What needs to be done: Word for word, transcribe every line from the one holding "Burgundy Scallop And" through the end of the records, but not the pictures.

--------------------------------

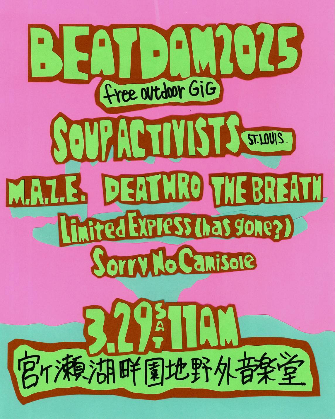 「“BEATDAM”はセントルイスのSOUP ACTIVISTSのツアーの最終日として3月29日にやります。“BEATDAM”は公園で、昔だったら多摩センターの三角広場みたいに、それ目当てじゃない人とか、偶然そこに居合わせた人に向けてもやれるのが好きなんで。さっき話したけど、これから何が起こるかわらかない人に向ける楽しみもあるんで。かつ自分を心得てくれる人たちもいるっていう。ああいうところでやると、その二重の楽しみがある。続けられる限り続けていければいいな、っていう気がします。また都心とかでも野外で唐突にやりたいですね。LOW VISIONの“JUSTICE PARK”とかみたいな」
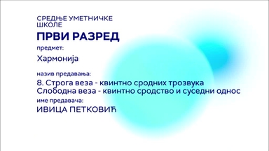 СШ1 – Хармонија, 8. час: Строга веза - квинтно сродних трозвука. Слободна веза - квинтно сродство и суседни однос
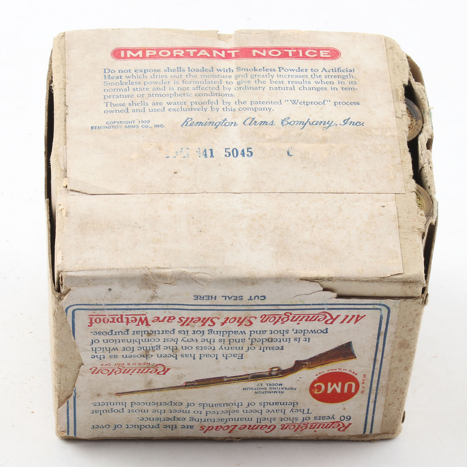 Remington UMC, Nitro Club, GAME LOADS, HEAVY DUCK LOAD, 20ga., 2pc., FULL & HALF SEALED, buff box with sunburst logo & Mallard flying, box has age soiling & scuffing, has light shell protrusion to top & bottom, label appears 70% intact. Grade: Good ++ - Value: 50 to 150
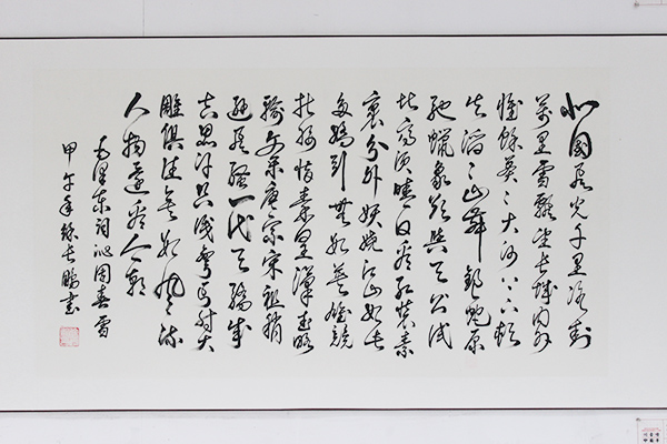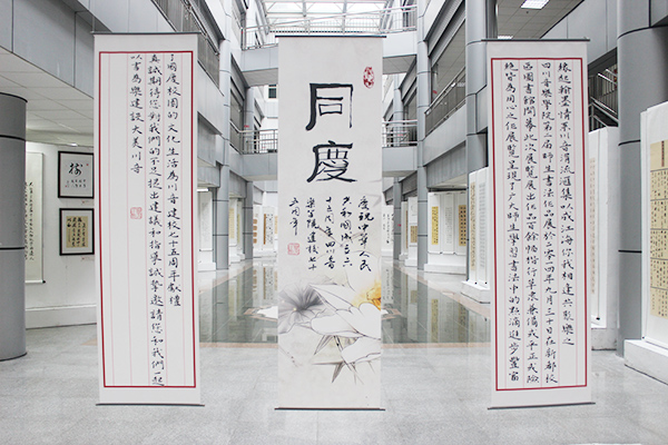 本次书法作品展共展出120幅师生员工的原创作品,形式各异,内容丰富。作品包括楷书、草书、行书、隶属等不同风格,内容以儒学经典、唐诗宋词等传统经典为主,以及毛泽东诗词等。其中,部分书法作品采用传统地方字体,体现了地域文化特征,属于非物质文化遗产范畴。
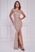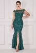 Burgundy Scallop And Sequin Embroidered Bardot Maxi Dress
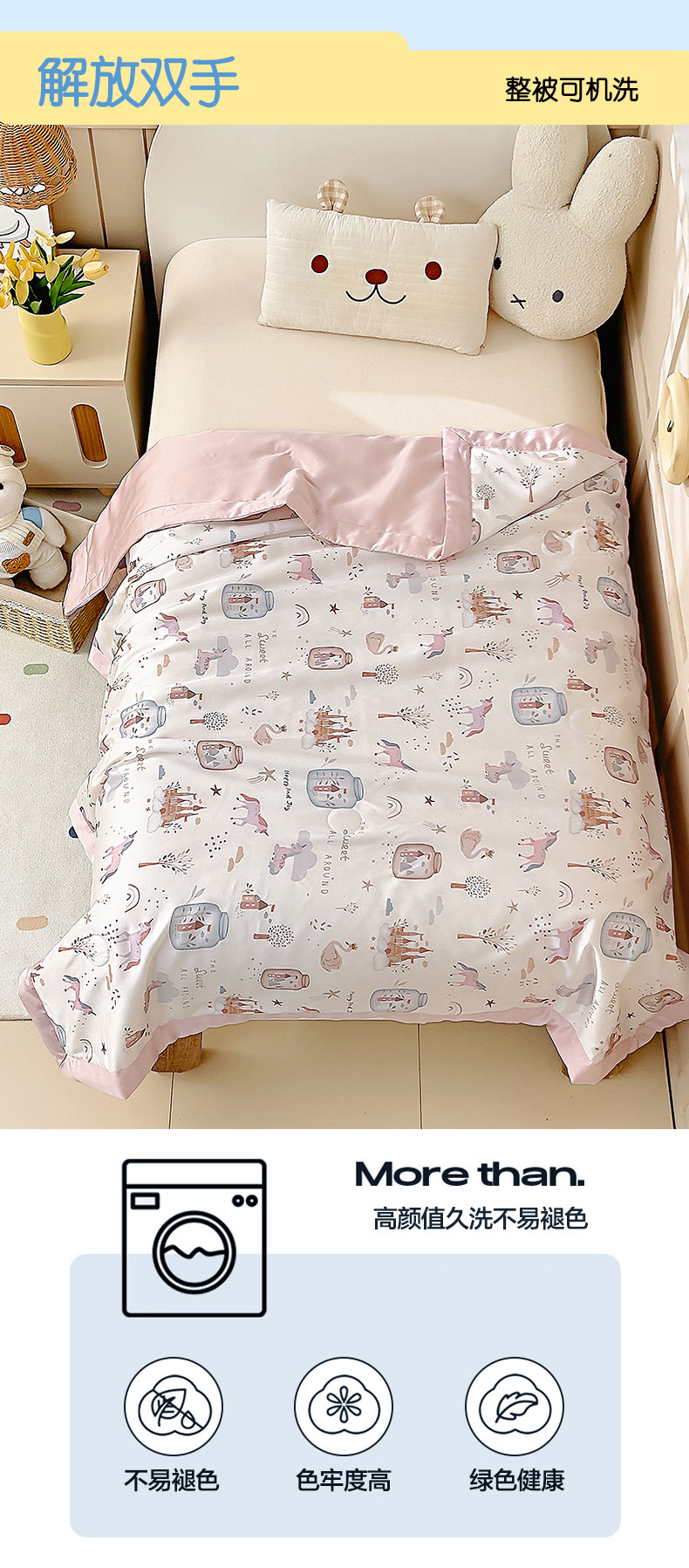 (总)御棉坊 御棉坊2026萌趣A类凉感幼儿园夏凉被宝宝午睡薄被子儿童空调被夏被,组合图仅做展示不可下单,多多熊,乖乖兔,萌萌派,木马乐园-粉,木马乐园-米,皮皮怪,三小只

--------------------------------

Solution to the exercise:
 Burgundy Scallop And Sequin Embroidered Bardot Maxi Dress
 (总)御棉坊 御棉坊2026萌趣A类凉感幼儿园夏凉被宝宝午睡薄被子儿童空调被夏被,组合图仅做展示不可下单,多多熊,乖乖兔,萌萌派,木马乐园-粉,木马乐园-米,皮皮怪,三小只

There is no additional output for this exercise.